▶ About this exercise:
First find the line with "Izložba je svečano" in the entries below, then set down exactly every line through the line with "[Coordinate] グ", that line included.

▶ Exercise data:
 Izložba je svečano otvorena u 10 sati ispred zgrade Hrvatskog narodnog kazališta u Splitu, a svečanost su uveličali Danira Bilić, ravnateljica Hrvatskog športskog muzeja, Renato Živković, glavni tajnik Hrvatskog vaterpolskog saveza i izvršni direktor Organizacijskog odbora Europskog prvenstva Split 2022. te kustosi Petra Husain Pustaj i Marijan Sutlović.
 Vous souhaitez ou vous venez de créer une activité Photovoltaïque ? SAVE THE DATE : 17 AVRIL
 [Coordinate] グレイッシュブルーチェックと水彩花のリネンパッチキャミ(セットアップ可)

...

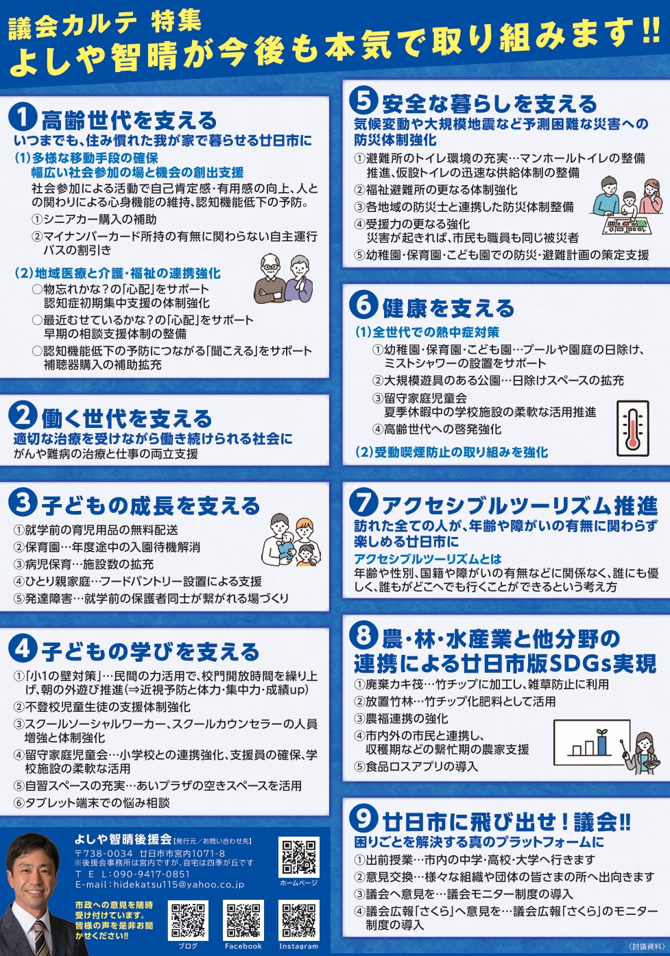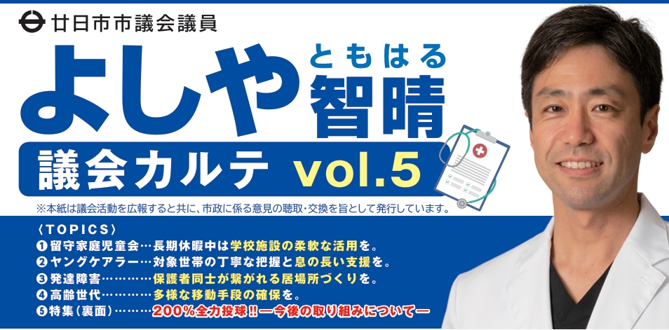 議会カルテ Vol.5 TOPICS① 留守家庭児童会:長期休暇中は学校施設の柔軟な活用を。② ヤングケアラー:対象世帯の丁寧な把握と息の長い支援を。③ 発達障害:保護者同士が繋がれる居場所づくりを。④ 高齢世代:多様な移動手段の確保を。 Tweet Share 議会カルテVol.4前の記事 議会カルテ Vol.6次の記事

* * *

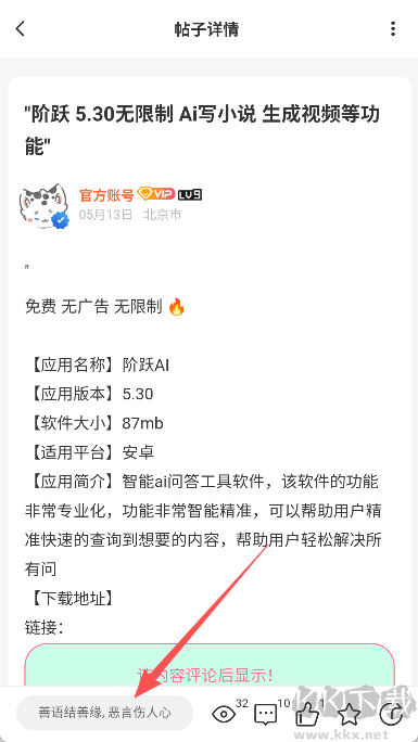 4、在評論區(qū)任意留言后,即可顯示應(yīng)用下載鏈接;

▶ Answer to this task:
 Izložba je svečano otvorena u 10 sati ispred zgrade Hrvatskog narodnog kazališta u Splitu, a svečanost su uveličali Danira Bilić, ravnateljica Hrvatskog športskog muzeja, Renato Živković, glavni tajnik Hrvatskog vaterpolskog saveza i izvršni direktor Organizacijskog odbora Europskog prvenstva Split 2022. te kustosi Petra Husain Pustaj i Marijan Sutlović.
 Vous souhaitez ou vous venez de créer une activité Photovoltaïque ? SAVE THE DATE : 17 AVRIL
 [Coordinate] グレイッシュブルーチェックと水彩花のリネンパッチキャミ(セットアップ可)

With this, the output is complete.